O Homem Moderno como protagonista: Se Suso Cecchi D’Amico preferia as comédias, sua parceria mais famosa, com o cineasta Luchino Visconti, foi marcada pela fase mais dramática do diretor. Da cooperação surgiram filmes como Rocco e Seus Irmãos, Senso, Vagas Estrelas da Ursa, Violência e Paixão, O Leopardo, entre alguns outros. Estas obras não se conectam apenas pelo seu gênero, mas também por trazerem seus protagonistas como típicos homens modernos, no centro de uma mudança social. São homens lidando com um mundo que se despedaça e se reconstrói diante deles, são personagens que a todo momento parecem questionar seu próprio lugar no mundo. Se os manuais de roteiro preferem os heróis e suas decisões certas, Suso pode mostrar como lidar com personagens que parecem meros coadjuvantes em meio a uma profunda transformação. Algo bastante materializado no príncipe de O Leopardo, um homem acostumado com a nobreza que precisa entender um novo mundo aristocrático que surge à sua frente. É nesse choque entre situações que rivalizam o velho e o novo, que o espectador entende o sentimento daquele homem protagonizado por Burt Lancaster. De quebra esse sentimento não é só de um personagem, de um príncipe, mas sim o sentimento de um país e o processo de sua formação identitária.

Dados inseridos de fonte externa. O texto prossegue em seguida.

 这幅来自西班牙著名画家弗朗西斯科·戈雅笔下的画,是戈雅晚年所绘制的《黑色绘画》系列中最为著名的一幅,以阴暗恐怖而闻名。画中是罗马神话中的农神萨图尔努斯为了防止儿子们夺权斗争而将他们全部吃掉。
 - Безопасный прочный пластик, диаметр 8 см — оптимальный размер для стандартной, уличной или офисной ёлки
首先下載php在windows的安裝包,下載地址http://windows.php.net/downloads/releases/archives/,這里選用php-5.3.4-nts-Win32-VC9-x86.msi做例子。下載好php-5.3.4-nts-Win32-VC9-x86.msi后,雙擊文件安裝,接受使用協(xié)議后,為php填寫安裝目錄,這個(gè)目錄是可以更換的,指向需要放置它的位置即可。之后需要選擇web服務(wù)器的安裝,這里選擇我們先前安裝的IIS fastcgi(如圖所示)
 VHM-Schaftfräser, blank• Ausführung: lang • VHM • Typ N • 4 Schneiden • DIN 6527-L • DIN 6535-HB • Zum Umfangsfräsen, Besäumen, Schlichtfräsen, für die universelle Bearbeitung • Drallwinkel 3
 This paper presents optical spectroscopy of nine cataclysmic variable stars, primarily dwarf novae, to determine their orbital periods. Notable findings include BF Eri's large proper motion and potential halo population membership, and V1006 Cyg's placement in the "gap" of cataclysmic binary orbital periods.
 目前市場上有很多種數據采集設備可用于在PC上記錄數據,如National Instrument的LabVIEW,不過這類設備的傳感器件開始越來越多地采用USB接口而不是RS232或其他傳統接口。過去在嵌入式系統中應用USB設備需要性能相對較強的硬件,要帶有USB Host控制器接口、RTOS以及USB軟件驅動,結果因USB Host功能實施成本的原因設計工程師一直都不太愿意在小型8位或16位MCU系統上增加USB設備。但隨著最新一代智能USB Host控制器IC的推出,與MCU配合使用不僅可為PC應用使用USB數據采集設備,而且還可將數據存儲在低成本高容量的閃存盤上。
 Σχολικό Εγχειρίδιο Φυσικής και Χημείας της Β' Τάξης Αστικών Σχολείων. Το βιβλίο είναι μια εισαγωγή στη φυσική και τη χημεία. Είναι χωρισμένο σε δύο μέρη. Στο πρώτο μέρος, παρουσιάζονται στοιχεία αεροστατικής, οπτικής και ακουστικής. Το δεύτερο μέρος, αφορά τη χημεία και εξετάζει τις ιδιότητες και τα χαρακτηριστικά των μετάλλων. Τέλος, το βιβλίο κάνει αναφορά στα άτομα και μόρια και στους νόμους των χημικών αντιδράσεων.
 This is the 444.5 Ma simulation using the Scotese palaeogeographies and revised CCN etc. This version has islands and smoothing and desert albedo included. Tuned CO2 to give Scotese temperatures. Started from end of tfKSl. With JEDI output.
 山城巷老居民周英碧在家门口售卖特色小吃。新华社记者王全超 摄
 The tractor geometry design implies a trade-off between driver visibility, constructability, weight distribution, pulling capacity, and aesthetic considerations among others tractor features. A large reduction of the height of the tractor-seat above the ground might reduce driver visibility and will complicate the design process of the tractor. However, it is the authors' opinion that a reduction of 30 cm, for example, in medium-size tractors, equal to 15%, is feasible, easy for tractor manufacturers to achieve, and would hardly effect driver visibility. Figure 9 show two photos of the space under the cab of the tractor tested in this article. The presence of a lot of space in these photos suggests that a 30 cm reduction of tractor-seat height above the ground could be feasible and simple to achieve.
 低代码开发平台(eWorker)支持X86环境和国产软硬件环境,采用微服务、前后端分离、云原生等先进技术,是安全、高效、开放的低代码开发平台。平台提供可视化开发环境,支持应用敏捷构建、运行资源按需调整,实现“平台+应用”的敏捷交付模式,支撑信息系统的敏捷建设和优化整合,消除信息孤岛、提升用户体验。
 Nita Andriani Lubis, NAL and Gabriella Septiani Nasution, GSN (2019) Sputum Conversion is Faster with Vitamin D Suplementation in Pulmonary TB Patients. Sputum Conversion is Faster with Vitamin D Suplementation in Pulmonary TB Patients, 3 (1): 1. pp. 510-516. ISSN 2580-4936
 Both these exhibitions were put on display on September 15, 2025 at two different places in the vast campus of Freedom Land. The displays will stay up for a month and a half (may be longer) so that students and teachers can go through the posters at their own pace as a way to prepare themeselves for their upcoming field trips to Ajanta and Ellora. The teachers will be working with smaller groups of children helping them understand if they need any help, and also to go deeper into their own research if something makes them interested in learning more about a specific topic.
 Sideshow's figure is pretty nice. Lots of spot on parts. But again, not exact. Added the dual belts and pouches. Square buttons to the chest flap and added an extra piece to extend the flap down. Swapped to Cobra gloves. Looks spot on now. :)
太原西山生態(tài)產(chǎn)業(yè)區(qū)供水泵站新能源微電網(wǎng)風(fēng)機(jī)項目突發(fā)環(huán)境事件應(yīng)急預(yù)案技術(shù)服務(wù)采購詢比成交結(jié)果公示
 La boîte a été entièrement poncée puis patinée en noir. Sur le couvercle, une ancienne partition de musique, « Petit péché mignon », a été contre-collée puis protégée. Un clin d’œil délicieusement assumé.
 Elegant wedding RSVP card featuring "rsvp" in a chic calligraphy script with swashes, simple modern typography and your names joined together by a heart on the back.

Se tal feito parece grandioso demais, distante demais para alguém que analisa roteiros e ensina para pretensos roteiristas, o que se passa aqui é como uma obra realmente ligada ao sentimento de seu tempo pode gerar narrativas fortes. E nem sempre o tempo histórico vai pedir o personagem mais fácil para se escrever um roteiro. Aliás, esses filmes mencionados parecem exatamente o oposto. A família totalmente desconjuntada de Violência e Paixão tem os personagens mais controversos da filmografia de Visconti, uma mãe que renega os próprios filhos pela sua pose social. Ou até mesmo a relação incestuosa que marca Vagas Estrelas da Ursa, fazendo um panorama ousado sobre o medo e desejo no pensamento burguês. E talvez, a melhor forma de escrever personagens tão controversos quanto estes seja acessando a esses filmes, roubando esses personagens de obras como a de Suso Cecchi D’Amico.
Roubar mesmo porque era justamente como ela dizia fazer. D’Amico falava que furtava seus personagens dos grandes clássicos da literatura, falava que em Dostoiévski e em Tolstói tinha uma série de personagens prontos para serem roubados. Aliás, nos anos 1990, falava que o cinema não andava tão bem porque os roteiristas se distanciaram da literatura e dos clássicos. Se talvez a análise parta de uma visão um pouco mais nostálgica, a sugestão e o conselho parecem acertados. Parece acertado, aliás, como indicativo a voltar aos clássicos do cinema sem medo de analisá-los, sem medo de rever os roteiros desses filmes e entender que há um papel do roteirista também nas obras autorais. Sem medo de entender que ali há uma estrutura a ser aprendida, a ser decifrada, a ser roubada e a ser usada. Como a própria Suso fez com seu filme favorito, Soberba, de Orson Welles. Talvez a lembrança e o não apagamento de Suso Cecchi D’Amico seja essencial para roteiristas que desejam ser tão ousados quanto foi o neorrealismo.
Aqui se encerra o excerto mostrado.